Lo bueno es que con el cigarro que se fumaba mientras caminaba para
su casa se le despejaban todos esos pensamientos y empezaba a olvidarse
de la insoportable existencia de las demás personas.
La calle se extendía solitaria y semioscura en algunos trechos.
El ripio, la basura, el hedor y las defecaciones de personas y animales,
escenario cotidiano para él, completaban a ratos el lienzo nocturno
de ese sendero. A Cariconte le tenía sin cuidado, si acaso todo
aquello únicamente le servía para recordarle lo asqueante
de su vida, cuando por momentos una humedad cálida se levantaba
de entre los tragantes a acariciar con sus miasmas la pituitaria del que
pasaba por el lado.
De repente la vio, como a una cuadra, cruzando perpendicularmente la
calle por donde él se desplazaba. El contraluz definía a
la perfección la figura de la mujer: falda entallada y corta, chaqueta
sastre, tacones, sería alguna secretaria u oficinista. Cariconte
sintió una punzada de vacío en el estómago. Las manos
se le llenaron de un sudor frío, la boca se le llenó de
saliva y las mandíbulas se le entramparon.
Trataba de no pensar pero no podía evitarlo, tenía que
tirarse a esa mujer fuera como fuera. Además, seguramente esa perra
estaría buscando una ocasión como ésa, una oportunidad
para que alguien como él le hiciera todo lo que bullía a
borbotones en su imaginación.
Cariconte comenzó a caminar delineando más sus pasos,
tratando de hundir bien los pies en el piso: en parte para no hacer tanto
ruido y en parte para refrenar la ansiedad y la temblorina de las piernas.

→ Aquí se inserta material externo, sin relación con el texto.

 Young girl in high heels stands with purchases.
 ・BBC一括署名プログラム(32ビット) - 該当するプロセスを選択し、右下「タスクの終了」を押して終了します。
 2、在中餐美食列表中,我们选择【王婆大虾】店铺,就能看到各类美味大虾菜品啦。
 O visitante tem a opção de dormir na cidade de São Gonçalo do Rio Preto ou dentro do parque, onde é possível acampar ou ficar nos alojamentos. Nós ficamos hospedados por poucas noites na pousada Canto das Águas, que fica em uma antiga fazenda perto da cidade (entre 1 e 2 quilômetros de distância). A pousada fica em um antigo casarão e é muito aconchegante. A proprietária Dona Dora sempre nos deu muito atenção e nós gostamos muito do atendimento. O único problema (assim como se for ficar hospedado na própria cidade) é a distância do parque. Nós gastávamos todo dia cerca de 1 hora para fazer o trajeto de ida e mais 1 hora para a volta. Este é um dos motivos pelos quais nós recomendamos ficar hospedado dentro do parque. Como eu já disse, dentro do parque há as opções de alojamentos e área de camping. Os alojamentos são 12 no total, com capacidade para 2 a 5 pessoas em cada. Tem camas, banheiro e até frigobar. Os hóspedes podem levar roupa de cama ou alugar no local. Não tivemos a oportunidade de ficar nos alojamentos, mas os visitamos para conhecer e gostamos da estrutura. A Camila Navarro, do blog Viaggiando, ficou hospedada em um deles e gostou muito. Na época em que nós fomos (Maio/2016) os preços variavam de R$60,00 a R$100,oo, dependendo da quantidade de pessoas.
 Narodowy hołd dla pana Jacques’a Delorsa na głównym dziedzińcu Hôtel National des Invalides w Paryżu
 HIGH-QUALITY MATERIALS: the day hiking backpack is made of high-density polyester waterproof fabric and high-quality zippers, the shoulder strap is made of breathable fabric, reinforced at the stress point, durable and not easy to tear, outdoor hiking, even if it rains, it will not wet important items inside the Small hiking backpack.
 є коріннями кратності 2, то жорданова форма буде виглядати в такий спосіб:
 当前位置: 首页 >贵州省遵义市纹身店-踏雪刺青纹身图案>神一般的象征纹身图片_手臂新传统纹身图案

El asfalto se volvió de goma. Comenzó a respirar más
profundamente. Con una última y fuerte chupada al cigarro se deshizo
de éste. Las chispas rebotaron a lo lejos cuando la cabulla aterrizó
en el asfalto.
El corazón se le aceleraba y su sonido se confundía con
todas las voces que le gritaban por dentro: la de él mismo gritando
y riéndose a carcajadas mientras penetraba a la mujer; y la de
ella, gritando como energúmeno, con lágrimas resbalándole
por todo el rostro. Un gesto congelado en una lejana mente siniestra.
Estaba como a media cuadra de ella y trataba de esquivar los pocos chubascos
de luz que se cernían por la calle. La dura erección le
provocaba cierto dolorcito por la presión del pantalón.

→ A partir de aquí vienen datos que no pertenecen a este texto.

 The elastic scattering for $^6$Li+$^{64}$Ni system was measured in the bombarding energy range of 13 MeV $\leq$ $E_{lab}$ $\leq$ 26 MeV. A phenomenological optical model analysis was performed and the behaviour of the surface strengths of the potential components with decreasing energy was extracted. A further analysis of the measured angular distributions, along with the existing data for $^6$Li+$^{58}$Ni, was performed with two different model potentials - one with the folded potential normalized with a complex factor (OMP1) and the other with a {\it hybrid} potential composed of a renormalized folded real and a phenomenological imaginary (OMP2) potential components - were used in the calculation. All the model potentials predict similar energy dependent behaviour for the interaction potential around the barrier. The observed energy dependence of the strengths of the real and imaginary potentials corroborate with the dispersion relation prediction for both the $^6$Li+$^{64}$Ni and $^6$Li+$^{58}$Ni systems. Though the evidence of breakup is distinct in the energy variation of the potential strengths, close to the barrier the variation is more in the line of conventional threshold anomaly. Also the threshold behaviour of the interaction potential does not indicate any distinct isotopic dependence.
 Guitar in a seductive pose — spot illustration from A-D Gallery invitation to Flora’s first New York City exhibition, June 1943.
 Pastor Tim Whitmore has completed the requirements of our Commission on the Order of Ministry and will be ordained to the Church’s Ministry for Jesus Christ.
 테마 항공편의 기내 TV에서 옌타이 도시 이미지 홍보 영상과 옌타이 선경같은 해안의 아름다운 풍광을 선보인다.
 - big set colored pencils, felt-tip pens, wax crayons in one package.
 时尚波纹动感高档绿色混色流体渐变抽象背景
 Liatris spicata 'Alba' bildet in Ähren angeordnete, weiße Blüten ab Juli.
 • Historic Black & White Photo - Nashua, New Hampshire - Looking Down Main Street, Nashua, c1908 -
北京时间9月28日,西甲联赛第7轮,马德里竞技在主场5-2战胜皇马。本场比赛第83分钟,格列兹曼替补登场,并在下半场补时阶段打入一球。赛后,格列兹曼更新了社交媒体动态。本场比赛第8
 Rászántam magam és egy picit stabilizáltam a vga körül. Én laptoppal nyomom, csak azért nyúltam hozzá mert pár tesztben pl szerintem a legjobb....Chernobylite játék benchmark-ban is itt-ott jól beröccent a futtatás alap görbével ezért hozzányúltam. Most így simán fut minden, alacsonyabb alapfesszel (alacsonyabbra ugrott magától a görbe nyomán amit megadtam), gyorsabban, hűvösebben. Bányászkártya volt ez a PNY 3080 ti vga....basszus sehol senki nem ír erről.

Pero esto lo excitaba todavía más, buscaba ese dolor. Era
casi igual de placentero que dar un beso e inmediatamente dar un fuerte
mordisco, solo que al revés. Él tenía primero el
dolor del mordisco, pero dentro de poco tendría el placer del beso:
era una situación de masturbación mental entre lo blando
y lo duro, lo suave y lo fuerte. La paradoja que se encuentra en todo
momento y en todo lugar, como un duro pene entre dos blandos testículos,
o una húmeda lengua entre rígidos dientes, o una cálida
vagina sobre una férrea pelvis. Cariconte amaba esta dualidad,
para él la ternura siempre debe ir acompañada por la agresividad.
Nunca se puede ser completamente blando o completamente duro. Si alguien
castigaba era para procurar un bien: a sí mismo o a la otra persona.
Cuando Cariconte se encontraba a no más de cuatro pasos de la
muchacha, ella se volteó a mirarlo: ¡cuánto puede
transformarse un rostro en tan poco tiempo! Unos ojos buscan y se encuentran
con el miedo. Cariconte pudo ver bien ahora que era una muchacha de unos
veinticinco años, atractiva, de buena figura y más deseable
todavía que de primera impresión, no tanto por su belleza,
sino porque había empezado a acelerar el paso.
La muchacha estaba evidentemente nerviosa. Cariconte seguía firme
sus pasos detrás de ella, en el piso de goma, cómplice de
Cariconte. La muchacha quería oír sus pasos pero un creciente
zumbido en sus oídos se lo impedía, el asfalto era goma
que amortiguaba el piso. Los pasos de Cariconte eran constantes, monótonos,
sin aumentar velocidad pero tampoco sin perderla.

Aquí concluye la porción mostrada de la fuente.